▶ _Task objective_
Line by line, repeat the data below exactly, beginning at the first line and ending at the line with "Зробіть заключну сторінку.ця". Omit pictures.

Data below: Begin

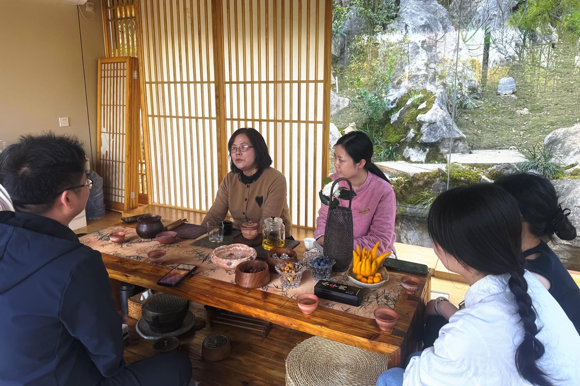 下午,学院团队到桂林和舍湖畔度假酒店,与酒店创始人、桂林民宿协会会长李佳钖女士进行座谈。李佳钖会长介绍了近年来桂林高端民宿的发展情况,提到目前行业在民宿管家、高端接待、国际客群服务等岗位存在用人缺口,尤其需要员工具备外语沟通能力和较强的服务意识。双方同意后续建立常态化沟通机制,推动民宿业经理人到校授课,促进人才供需信息共享,为学生提供更多实习机会的同时,也为民宿行业输送符合需求的专业人才。
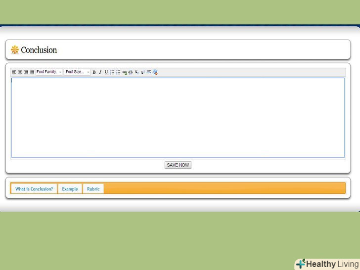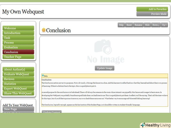 Зробіть заключну сторінку.ця сторінка завершує весь вебквест, повторює основні моменти, які ваші студенти повинні були засвоїти в ході цього завдання, і надихає їх на подальше вивчення питання. Можливо, ви захочете вказати тут додаткові джерела, щоб ті, хто зацікавився даною темою або просто впорався із завданням раніше за інших, змогли продовжити її вивчення.
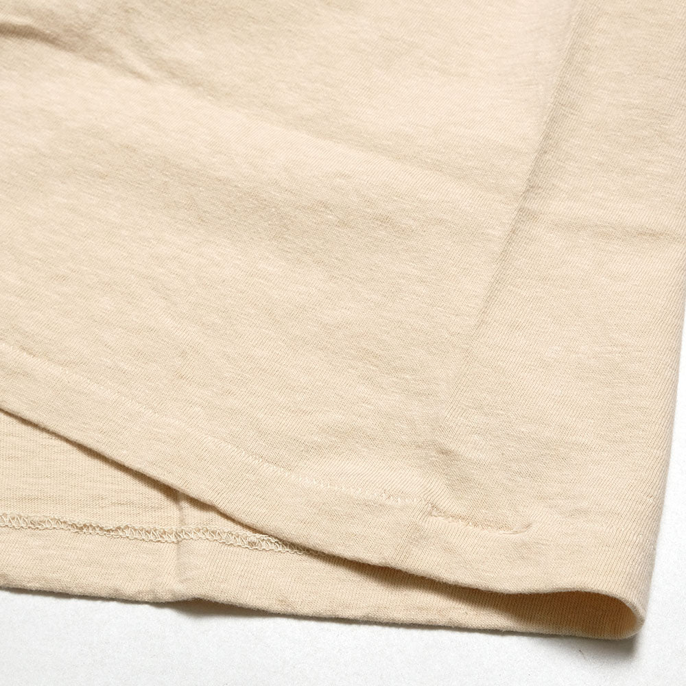 This printed T-shirt from BURGUS PLUS has a vintage-feel design and fabric. The loop-wheeled body is made of recycled cotton. The recycled cotton slub yarn, which is made by collecting the waste cotton generated when spinning yarn at a spinning mill and re-spinning it, is soft and dry to the touch. The body has no side seams, and the collar has a binder neck with three-needle stitching, and the sleeves and hem are made using the sewing method seen on vintage T-shirts, which is a traditional production method that takes a lot of time and effort. The design image is “Airplane Culture in the 1920s”. This was a time when airplanes were widely used not only for military purposes, but also for air mail, air passengers, sightseeing flights, and advertising for private companies. The motif is a stuntman who was active at a time when people were still skeptical about the safety of airplanes. BURGUS PLUS has made this T-shirt, paying tribute to these men who enlivened customers and greatly developed the airline industry.

Data below: End

▶ _Reply to the exercise_
 下午,学院团队到桂林和舍湖畔度假酒店,与酒店创始人、桂林民宿协会会长李佳钖女士进行座谈。李佳钖会长介绍了近年来桂林高端民宿的发展情况,提到目前行业在民宿管家、高端接待、国际客群服务等岗位存在用人缺口,尤其需要员工具备外语沟通能力和较强的服务意识。双方同意后续建立常态化沟通机制,推动民宿业经理人到校授课,促进人才供需信息共享,为学生提供更多实习机会的同时,也为民宿行业输送符合需求的专业人才。
 Зробіть заключну сторінку.ця сторінка завершує весь вебквест, повторює основні моменти, які ваші студенти повинні були засвоїти в ході цього завдання, і надихає їх на подальше вивчення питання. Можливо, ви захочете вказати тут додаткові джерела, щоб ті, хто зацікавився даною темою або просто впорався із завданням раніше за інших, змогли продовжити її вивчення.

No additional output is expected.